▶ [Work instruction] In the material below, the lines between the one holding "Links die Dirty" and the one holding "の機会に、パリサ大統領府相が", inclusive, are to be set down word for word. Pictures stay out.

▶ [Data shown]
◇ ◇ ◇
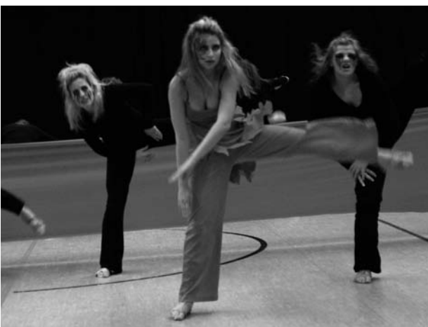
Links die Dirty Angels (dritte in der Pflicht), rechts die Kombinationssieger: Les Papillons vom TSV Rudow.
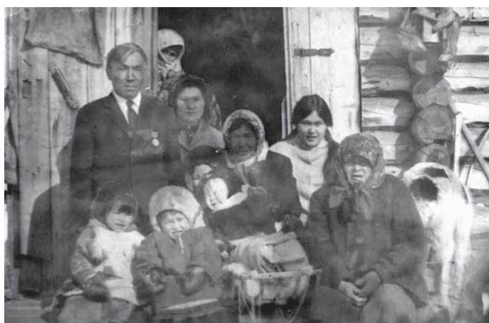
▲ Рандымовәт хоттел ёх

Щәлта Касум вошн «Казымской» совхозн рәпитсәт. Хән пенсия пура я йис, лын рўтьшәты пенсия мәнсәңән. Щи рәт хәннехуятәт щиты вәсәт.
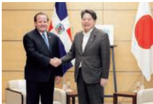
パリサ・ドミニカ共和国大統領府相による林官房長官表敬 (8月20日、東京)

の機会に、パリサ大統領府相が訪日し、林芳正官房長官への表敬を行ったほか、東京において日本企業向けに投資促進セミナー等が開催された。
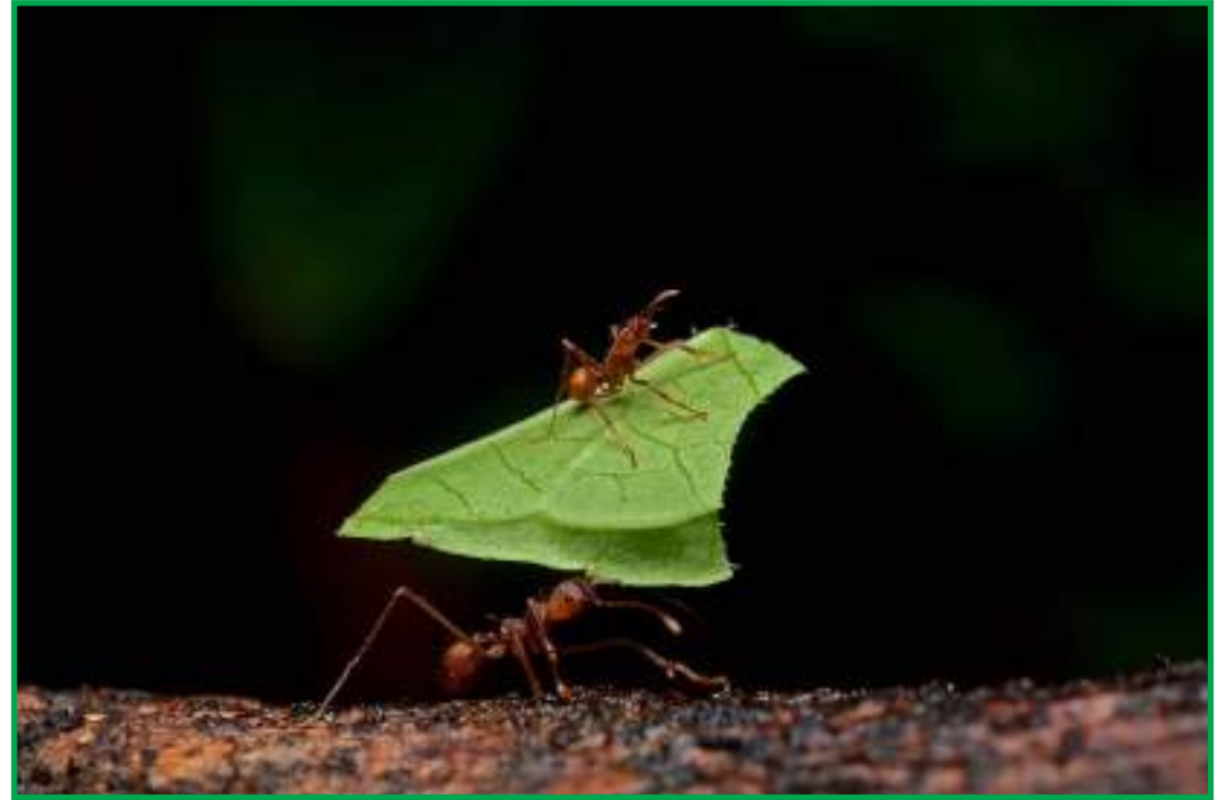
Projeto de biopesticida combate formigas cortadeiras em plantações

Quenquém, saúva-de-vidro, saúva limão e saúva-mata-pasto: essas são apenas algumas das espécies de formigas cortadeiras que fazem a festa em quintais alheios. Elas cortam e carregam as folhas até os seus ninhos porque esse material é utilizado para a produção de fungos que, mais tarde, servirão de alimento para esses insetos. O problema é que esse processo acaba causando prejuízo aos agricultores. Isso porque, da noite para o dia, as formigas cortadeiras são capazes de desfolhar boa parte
◇ ◇ ◇
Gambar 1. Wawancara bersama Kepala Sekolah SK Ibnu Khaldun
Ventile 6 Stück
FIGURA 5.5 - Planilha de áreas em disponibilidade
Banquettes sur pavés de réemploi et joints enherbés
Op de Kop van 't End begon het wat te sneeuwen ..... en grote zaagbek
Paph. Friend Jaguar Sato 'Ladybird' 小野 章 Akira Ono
◇ ◇ ◇
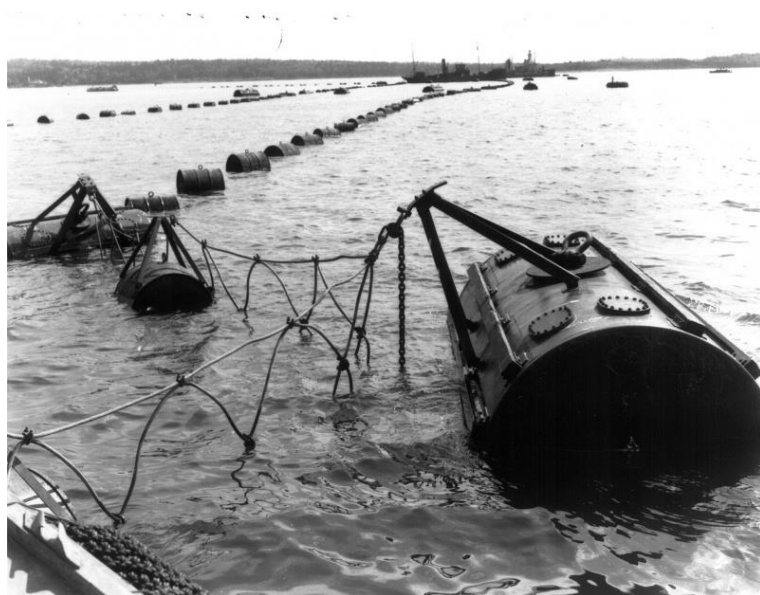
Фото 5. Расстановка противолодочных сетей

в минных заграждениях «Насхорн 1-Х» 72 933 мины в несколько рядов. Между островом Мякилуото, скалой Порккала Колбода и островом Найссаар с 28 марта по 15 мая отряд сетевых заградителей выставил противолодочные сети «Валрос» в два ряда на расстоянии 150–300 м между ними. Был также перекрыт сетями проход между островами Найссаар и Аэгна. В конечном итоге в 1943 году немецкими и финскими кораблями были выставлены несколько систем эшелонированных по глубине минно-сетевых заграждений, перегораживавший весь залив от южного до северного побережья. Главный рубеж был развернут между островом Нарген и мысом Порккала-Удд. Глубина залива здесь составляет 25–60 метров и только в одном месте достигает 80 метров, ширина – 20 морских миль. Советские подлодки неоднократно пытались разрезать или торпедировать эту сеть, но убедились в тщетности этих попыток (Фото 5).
◇ ◇ ◇
▶ [Expected answer]
Links die Dirty Angels (dritte in der Pflicht), rechts die Kombinationssieger: Les Papillons vom TSV Rudow.
▲ Рандымовәт хоттел ёх

Щәлта Касум вошн «Казымской» совхозн рәпитсәт. Хән пенсия пура я йис, лын рўтьшәты пенсия мәнсәңән. Щи рәт хәннехуятәт щиты вәсәт.
パリサ・ドミニカ共和国大統領府相による林官房長官表敬 (8月20日、東京)

の機会に、パリサ大統領府相が訪日し、林芳正官房長官への表敬を行ったほか、東京において日本企業向けに投資促進セミナー等が開催された。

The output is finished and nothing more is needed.